A visão na infância é fundamental para o desenvolvimento integral da criança, influenciando não apenas a aprendizagem escolar, mas também o crescimento motor, cognitivo, comunicativo e social. Problemas de baixa visão diagnosticados tarde podem comprometer a exploração do ambiente, a autonomia e a participação ativa da criança no mundo. Por isso, quanto mais cedo a intervenção, maiores são as chances de aproveitar a visão residual e desenvolver estratégias funcionais para o futuro.
O alerta foi feito pela oftalmologista Maria de Fátima Neri durante o 70º Congresso Brasileiro de Oftalmologia (CBO 2026), realizado em Salvador. Segundo a especialista, baixa visão na infância vai muito além de uma simples redução da acuidade visual. As principais causas incluem retinopatias por infecções intrauterinas, catarata e glaucoma congênitos, anomalias do nervo óptico, albinismo, distrofias retinianas, alta miopia, doenças neurológicas e prematuridade.
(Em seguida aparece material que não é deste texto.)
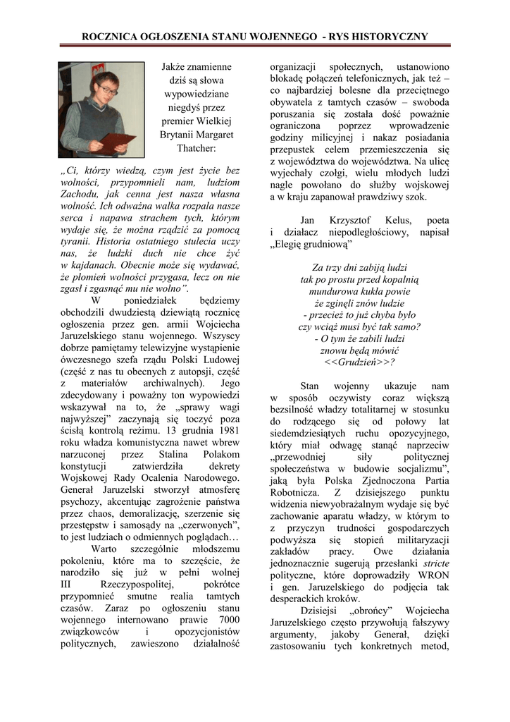ROCZNICA OGŁOSZENIA STANU WOJENNEGO - RYS HISTORYCZNY JakŜe znamienne dziś są słowa wypowiedziane niegdyś przez premier Wielkiej Brytanii Margaret Thatcher: „Ci, którzy wiedzą, czym jest Ŝycie bez wolności, przypomnieli nam, ludziom Zachodu, jak cenna jest nasza własna wolność. Ich odwaŜna walka rozpala nasze serca i napawa strachem tych, którym wydaje się, Ŝe moŜna rządzić za pomocą tyranii. Historia ostatniego stulecia uczy nas, Ŝe ludzki duch nie chce Ŝyć w kajdanach. Obecnie moŜe się wydawać, Ŝe płomień wolności przygasa, lecz on nie zgasł i zgasnąć mu nie wolno”. W poniedziałek będziemy obchodzili dwudziestą dziewiątą rocznicę ogłoszenia przez gen. armii Wojciecha Jaruzelskiego stanu wojennego. Wszyscy dobrze pamiętamy telewizyjne wystąpienie ówczesnego szefa rządu Polski Ludowej (część z nas tu obecnych z autopsji, część z materiałów archiwalnych). Jego zdecydowany i powaŜny ton wypowiedzi wskazywał na to, Ŝe „sprawy wagi najwyŜszej” zaczynają się toczyć poza ścisłą kontrolą reŜimu. 13 grudnia 1981 roku władza komunistyczna nawet wbrew narzuconej przez Stalina Polakom konstytucji zatwierdziła dekrety Wojskowej Rady Ocalenia Narodowego. Generał Jaruzelski stworzył atmosferę psychozy, akcentując zagroŜenie państwa przez chaos, demoralizację, szerzenie się przestępstw i samosądy na „czerwonych”, to jest ludziach o odmiennych poglądach… Warto szczególnie młodszemu pokoleniu, które ma to szczęście, Ŝe narodziło się juŜ w pełni wolnej III Rzeczypospolitej, pokrótce przypomnieć smutne realia tamtych czasów. Zaraz po ogłoszeniu stanu wojennego internowano prawie 7000 związkowców i opozycjonistów politycznych, zawieszono działalność organizacji społecznych, ustanowiono blokadę połączeń telefonicznych, jak teŜ – co najbardziej bolesne dla przeciętnego obywatela z tamtych czasów – swoboda poruszania się została dość powaŜnie ograniczona poprzez wprowadzenie godziny milicyjnej i nakaz posiadania przepustek celem przemieszczenia się z województwa do województwa. Na ulicę wyjechały czołgi, wielu młodych ludzi nagle powołano do słuŜby wojskowej a w kraju zapanował prawdziwy szok. Jan Krzysztof Kelus, poeta i działacz niepodległościowy, napisał „Elegię grudniową” Za trzy dni zabiją ludzi tak po prostu przed kopalnią mundurowa kukła powie Ŝe zginęli znów ludzie - przecieŜ to juŜ chyba było czy wciąŜ musi być tak samo? - O tym Ŝe zabili ludzi znowu będą mówić <<Grudzień>>? Stan wojenny ukazuje nam w sposób oczywisty coraz większą bezsilność władzy totalitarnej w stosunku do rodzącego się od połowy lat siedemdziesiątych ruchu opozycyjnego, który miał odwagę stanąć naprzeciw „przewodniej siły politycznej społeczeństwa w budowie socjalizmu”, jaką była Polska Zjednoczona Partia Robotnicza. Z dzisiejszego punktu widzenia niewyobraŜalnym wydaje się być zachowanie aparatu władzy, w którym to z przyczyn trudności gospodarczych podwyŜsza się stopień militaryzacji zakładów pracy. Owe działania jednoznacznie sugerują przesłanki stricte polityczne, które doprowadziły WRON i gen. Jaruzelskiego do podjęcia tak desperackich kroków. Dzisiejsi „obrońcy” Wojciecha Jaruzelskiego często przywołują fałszywy argumenty, jakoby Generał, dzięki zastosowaniu tych konkretnych metod, ROCZNICA OGŁOSZENIA STANU WOJENNEGO - RYS HISTORYCZNY ocalił rzekomo polskie społeczeństwo od zbrojnej interwencji wojsk Układu Warszawskiego. Jest to teza o tyle kłamliwa, Ŝe 10 grudnia podczas narady politbiura Komunistycznej Partii Związku Radzieckiego Jurij Andropow wypowiedział następujące słowa: (...) Nie moŜemy ryzykować. Nie zamierzamy wprowadzać wojsk do Polski. Jest to słuszne stanowisko i musimy się go trzymać do końca. Nie wiem, jak rozwinie się sprawa z Polską, ale jeśli nawet Polska będzie pod władzą “Solidarności”, to będzie to tylko tyle. A jeśli na Związek Radziecki rzucą się kraje kapitalistyczne, a oni juŜ mają odpowiednie uzgodnienia o róŜnego rodzaju sankcjach ekonomicznych i politycznych, to dla nas będzie to bardzo cięŜkie. Powinniśmy przejawiać troskę o nasz kraj, o umacnianie Związku Radzieckiego. To jest nasza główna linia”. Jak zatem widzimy, wprowadzenie stanu wojennego było aktem jednoznacznie wymierzonym przeciwko Polakom, a mającym na celu ochronę partykularnych interesów elit komunistycznego reŜimu. Niestety wciąŜ niska jest świadomość polskiego społeczeństwa na temat materiałów źródłowych Komisji Susłowa (tzw. Komisji ds. Polskich – celem jej było śledzenie na bieŜąco i analizowanie informacji napływających z Polski, a takŜe systematyczne informowanie o wszystkim radzieckiego kierownictwa). Wynika z nich, Ŝe stroną zabiegającą o interwencję sowiecką w wyniku niepowodzenia stanu wojennego był właśnie generał Wojciech Jaruzelski. Zwolennicy idei wprowadzenia stanu wojennego odwołują się natomiast do wciąŜ wówczas obowiązującej doktryny BreŜniewa, lecz w świetle zgromadzonego do dziś przez historyków materiału dowodowego wydaje się być niemal pewnym, iŜ domniemana interwencja wojsk radzieckich nie była juŜ natenczas moŜliwa. W kwietniu 2007 roku Instytut Narodowej skierował akt Pamięci oskarŜenia do Sądu Rejonowego Warszawa Śródmieście przeciwko dziewięciu organizatorom stanu wojennego (w tym generałom Jaruzelskiemu i Kiszczakowi). IPN oskarŜył ich o zbrodnię komunistyczną, polegającą na kierowaniu "związkiem przestępczym o charakterze zbrojnym, mającym na celu popełnianie przestępstw", a takŜe o podŜeganie członków ówczesnej Rady Państwa PRL do przekroczenia ich uprawnień poprzez uchwalenie dekretów o stanie wojennym w czasie sesji Sejmu PRL – wbrew obowiązującej wówczas Konstytucji(!) Sąd zwrócił jednak historykom IPN-u wspomniany wniosek ze względu na „ist

Os pais devem ficar atentos a sinais como a criança não acompanhar objetos, dificuldade em fixar o olhar, aproximação excessiva de objetos aos olhos, tropeços frequentes, dificuldade em ambientes com pouca luz, fotofobia ou atraso no desenvolvimento sem causa aparente. O tratamento deve ser multidisciplinar, envolvendo estimulação visual funcional, terapia ocupacional, fisioterapia, fonoaudiologia e orientação familiar. “Encaminhar precocemente uma criança com baixa visão não é apenas tratar a visão; é proteger o desenvolvimento, a autonomia e o futuro dela”, ressaltou a oftalmologista.
Com informações da Agência Brasil.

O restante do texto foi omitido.